PROBLEM STATEMENT: Give back exactly the lines of the material below, starting with the line with "45]. Almost all" and going on through the line with "活动期间每天每个微信号可投5".

*** DATA RECORDS

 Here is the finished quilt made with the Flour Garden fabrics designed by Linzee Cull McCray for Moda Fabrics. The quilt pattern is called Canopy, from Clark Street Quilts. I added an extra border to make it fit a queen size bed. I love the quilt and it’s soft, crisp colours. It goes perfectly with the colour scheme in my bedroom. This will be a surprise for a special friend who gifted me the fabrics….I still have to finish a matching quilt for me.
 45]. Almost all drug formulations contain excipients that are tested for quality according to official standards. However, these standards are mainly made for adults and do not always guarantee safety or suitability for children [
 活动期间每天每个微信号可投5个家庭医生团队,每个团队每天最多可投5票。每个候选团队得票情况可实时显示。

******
*** DATA RECORDS

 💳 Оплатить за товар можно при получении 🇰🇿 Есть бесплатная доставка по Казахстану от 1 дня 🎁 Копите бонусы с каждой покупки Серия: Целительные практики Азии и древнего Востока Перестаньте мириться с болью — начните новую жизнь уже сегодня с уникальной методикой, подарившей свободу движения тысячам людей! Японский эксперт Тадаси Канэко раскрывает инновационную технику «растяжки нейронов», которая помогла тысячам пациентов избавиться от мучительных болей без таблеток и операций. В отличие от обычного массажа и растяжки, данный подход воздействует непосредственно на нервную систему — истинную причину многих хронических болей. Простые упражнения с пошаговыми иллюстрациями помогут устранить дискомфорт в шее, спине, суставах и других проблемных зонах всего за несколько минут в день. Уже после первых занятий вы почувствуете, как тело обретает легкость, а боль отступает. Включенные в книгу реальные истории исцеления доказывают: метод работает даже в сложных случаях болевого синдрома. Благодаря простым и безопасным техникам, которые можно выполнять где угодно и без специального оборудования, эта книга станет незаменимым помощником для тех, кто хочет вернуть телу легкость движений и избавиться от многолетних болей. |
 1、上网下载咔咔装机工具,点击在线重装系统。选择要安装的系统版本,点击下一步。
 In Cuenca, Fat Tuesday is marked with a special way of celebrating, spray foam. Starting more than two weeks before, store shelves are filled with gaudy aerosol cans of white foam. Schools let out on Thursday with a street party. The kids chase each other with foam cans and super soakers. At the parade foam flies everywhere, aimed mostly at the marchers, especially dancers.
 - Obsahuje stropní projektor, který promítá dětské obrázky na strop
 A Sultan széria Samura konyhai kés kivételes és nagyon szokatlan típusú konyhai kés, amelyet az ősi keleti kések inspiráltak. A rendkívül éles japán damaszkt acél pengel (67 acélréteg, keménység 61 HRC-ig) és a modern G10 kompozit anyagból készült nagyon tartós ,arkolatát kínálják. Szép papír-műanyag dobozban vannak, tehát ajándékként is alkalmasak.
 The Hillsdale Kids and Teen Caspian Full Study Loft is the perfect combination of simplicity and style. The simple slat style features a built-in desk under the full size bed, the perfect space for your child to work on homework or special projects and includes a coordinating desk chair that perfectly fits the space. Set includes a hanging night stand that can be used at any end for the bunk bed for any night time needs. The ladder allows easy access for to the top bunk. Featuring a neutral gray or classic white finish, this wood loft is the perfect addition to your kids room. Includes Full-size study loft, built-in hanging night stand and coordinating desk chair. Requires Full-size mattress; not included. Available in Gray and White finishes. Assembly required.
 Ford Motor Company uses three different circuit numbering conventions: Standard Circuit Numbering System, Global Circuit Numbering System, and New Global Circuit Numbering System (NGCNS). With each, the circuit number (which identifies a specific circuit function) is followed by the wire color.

******
*** DATA RECORDS

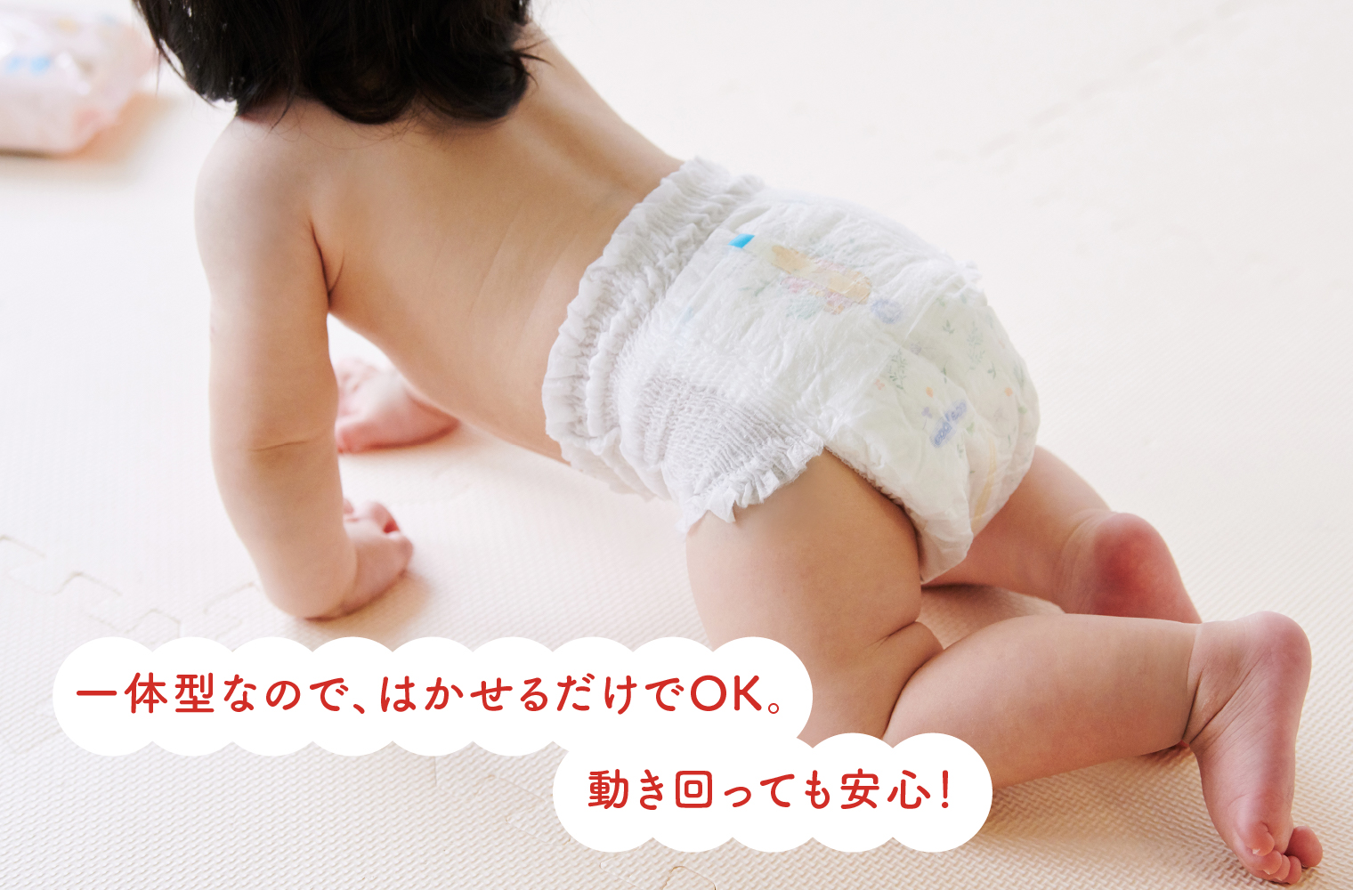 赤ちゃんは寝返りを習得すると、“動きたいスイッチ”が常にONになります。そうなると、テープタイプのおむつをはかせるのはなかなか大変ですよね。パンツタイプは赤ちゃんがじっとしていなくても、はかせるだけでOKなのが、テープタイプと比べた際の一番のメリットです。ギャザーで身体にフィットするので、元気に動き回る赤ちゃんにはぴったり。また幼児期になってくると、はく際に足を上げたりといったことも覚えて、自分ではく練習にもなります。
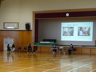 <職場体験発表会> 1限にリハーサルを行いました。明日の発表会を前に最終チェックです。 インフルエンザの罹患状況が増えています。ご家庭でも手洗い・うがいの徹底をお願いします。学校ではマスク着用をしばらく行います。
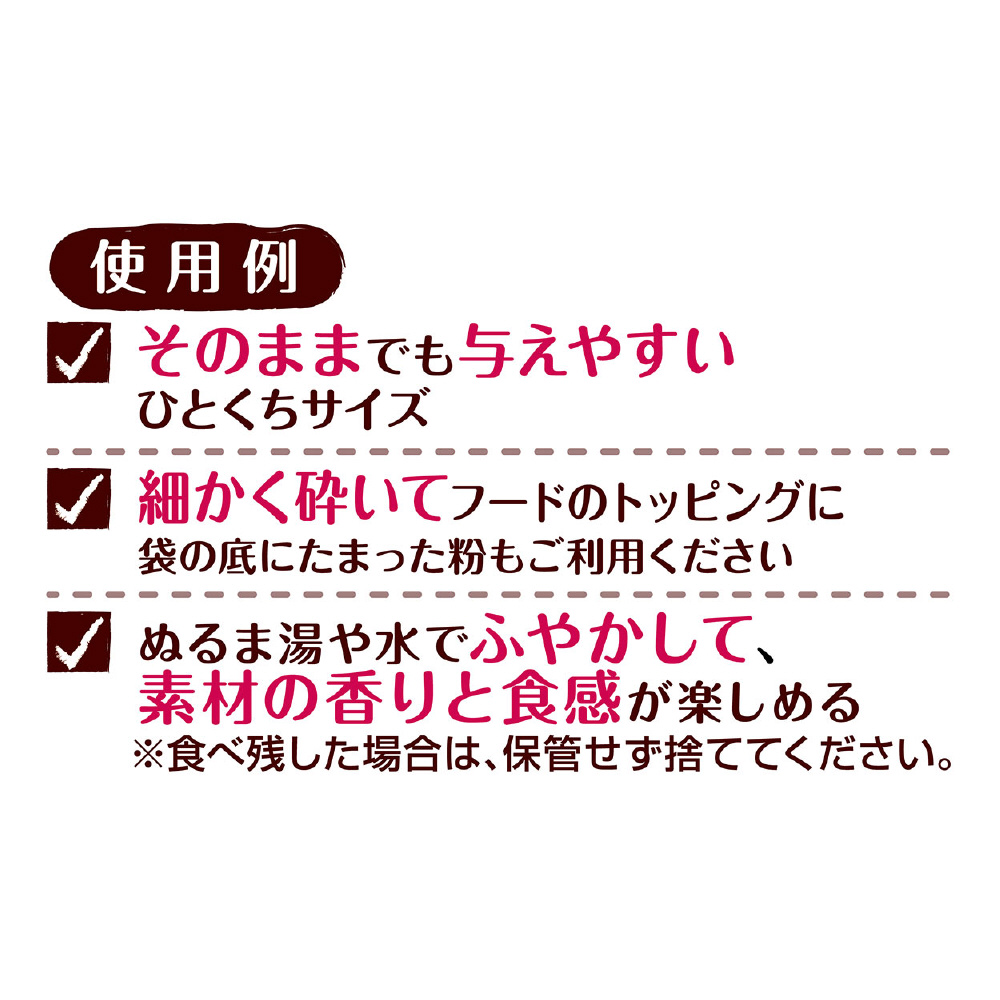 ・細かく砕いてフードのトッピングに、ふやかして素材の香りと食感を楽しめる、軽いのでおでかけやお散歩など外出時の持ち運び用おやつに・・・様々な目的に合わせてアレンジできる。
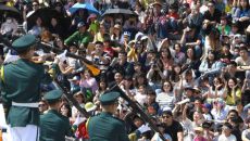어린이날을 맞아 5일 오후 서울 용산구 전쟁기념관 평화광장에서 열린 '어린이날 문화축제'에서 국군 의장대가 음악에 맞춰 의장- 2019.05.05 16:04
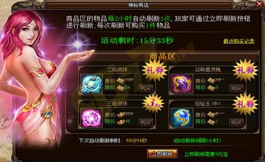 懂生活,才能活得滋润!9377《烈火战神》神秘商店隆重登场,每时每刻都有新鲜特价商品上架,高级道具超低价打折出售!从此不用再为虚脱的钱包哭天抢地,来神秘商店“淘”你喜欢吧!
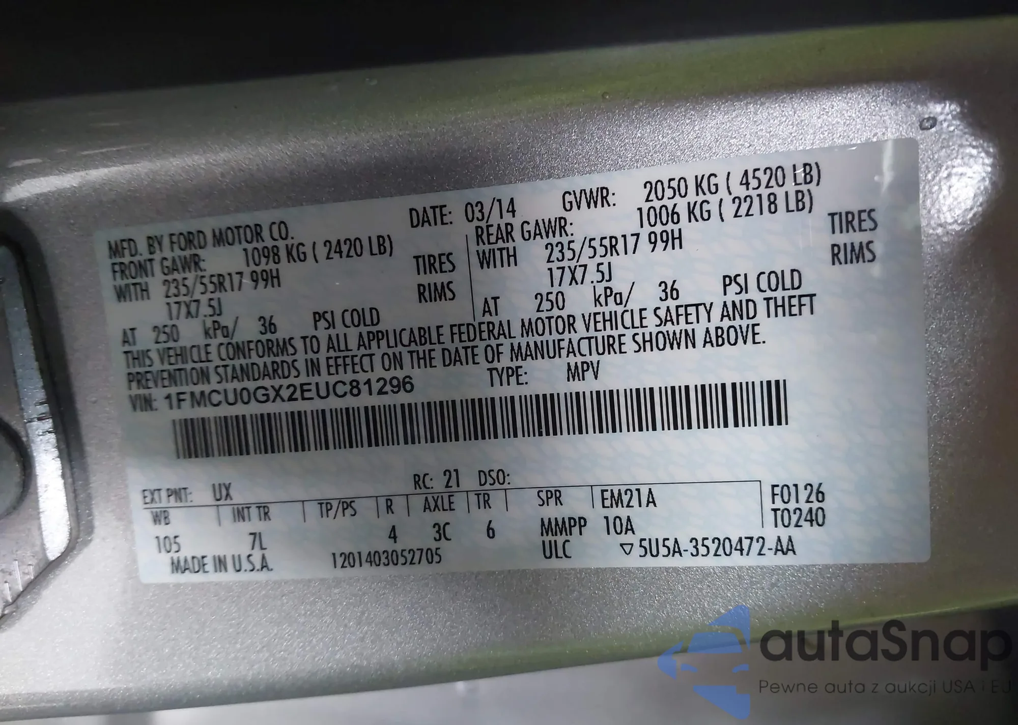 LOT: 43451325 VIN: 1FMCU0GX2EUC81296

******

ANSWER SPACE:
 45]. Almost all drug formulations contain excipients that are tested for quality according to official standards. However, these standards are mainly made for adults and do not always guarantee safety or suitability for children [
 活动期间每天每个微信号可投5个家庭医生团队,每个团队每天最多可投5票。每个候选团队得票情况可实时显示。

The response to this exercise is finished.